Blood-brain barrier dysfunction developed during normal aging is associated with inflammation and loss of tight junctions but not with leukocyte recruitment

Abstract

Background: Functional loss of blood-brain barrier (BBB) is suggested to be pivotal to pathogenesis and pathology of vascular-based neurodegenerative disorders such as Alzheimer's disease. We recently reported in wild-type mice maintained on standard diets, progressive deterioration of capillary function with aging concomitant with heightened neuroinflammation. However, the mice used in this study were relatively young (12 months of age) and potential mechanisms for loss of capillary integrity were not investigated per se. The current study therefore extended the previous finding to investigate the effect of aging on BBB integrity in aged mice at 24 months and its potential underlying molecular mechanisms.

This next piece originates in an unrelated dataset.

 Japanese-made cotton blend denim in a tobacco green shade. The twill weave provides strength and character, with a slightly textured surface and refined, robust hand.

Results: Immunomicroscopy analyses confirmed significantly increased capillary permeability with heightened neuroinflammation in naturally aged 24-month old mice compared to young control at 3 months of age. Aged mice showed significant attenuation in the expression of BBB tight junction proteins, occludin-1 and to lesser extent ZO-1 compared to young mice. In addition, TNF-α in cerebral endothelial cells of aged mice was significantly elevated compared to controls and this was associated with heightened peripheral inflammation. The expression of ICAM-1 and VCAM-1 remained unelevated, and no sign of leukocyte recruitment was observed in aged mice.

Conclusion: The BBB breakdown that occurs during ordinary aging is associated with inflammation and disruption of tight junction complex assembly but not through leukocyte trafficking.

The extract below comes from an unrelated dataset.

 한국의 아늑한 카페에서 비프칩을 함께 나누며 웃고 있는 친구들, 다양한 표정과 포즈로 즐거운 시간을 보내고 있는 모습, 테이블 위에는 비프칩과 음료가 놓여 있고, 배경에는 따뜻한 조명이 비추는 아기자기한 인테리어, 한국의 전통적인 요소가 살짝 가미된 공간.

Keywords: Aging; Blood–brain barrier; Inflammation; Leukocyte infiltration; Neurodegenerative disorder; Neuroinflammation; Tight junction complex.

Figure 1

Blood–brain barrier integrity and neuroinflammation. (A) The integrity of BBB was assessed by measuring the blood-to-brain extravasation of IgG with semi-quantitative confocal microscopy in the cortex (CTX) and hippocampal formation (HPF) of 3 months old young mice and 24 months old aged mice. The voxel intensity of protein of interest is expressed as per volume unit. Asterisks indicate statistical significance assessed with two-tailed t-test (p < 0.05, n = 6). Representative immunomicrographs are also shown (green = IgG, blue = DAPI, scale bar = 20 μm). (B) The astroglial activation, neuronal ER stress and inflammation were assessed by measuring the expression of GFAP, GRP78 and COX-2 respectively. Representative immunomicrographs are shown (yellow = GFAP, red = GRP78, magenta = COX-2, blue = DAPI, scale bar = 50 μm).

Figure 2

Cerebrovascular tight junction proteins and leukocyte recruitment. BBB tight junction assembly was assessed by measuring endothelial cell expressions of occludin-1 and ZO-1 with flow cytometry in the brains of 3 months old young mice and 24 months old aged mice. Example plots are in (A) and the fluorescent intensity of protein of interest is expressed as per endothelial cell (B). Asterisks indicate statistical significance assessed with two-tailed t-test (p < 0.05, n = 6). (C) Endothelial expression of adhesion proteins, ICAM-1 and VCAM-1, was measured with flow cytometry. (D) The infiltration of leukocytes across the BBB was assessed with immunomicroscopy staining of CD45 immunoreactivity within the perivascular region of entire cortex and hippocampal formation. Representative images are shown. Scale bar indicates 20 μm.

Figure 3

Blood–brain barrier endothelial levels of pro-inflammatory cytokines. The intracellular levels of TNF-α and IL-1β in cerebrovascular endothelial cells were measured with flow cytometry in the brains of 3 months old young mice and 24 months old aged mice. Example plots in (A) and mean of n = 6 in (B). Asterisks indicate statistical significance assessed with two-tailed t-test (p < 0.05, n = 6). (C) The causal association of attenuated BBB tight junction proteins, occludin-1 or ZO-1, with endothelial TNF-α was analyzed with Pearson’s correlation coefficient (n = 12). (D) The association between the cerebrovascular TNF-α and peripheral IL-6 was determined with Pearson’s correlation coefficient (n = 12).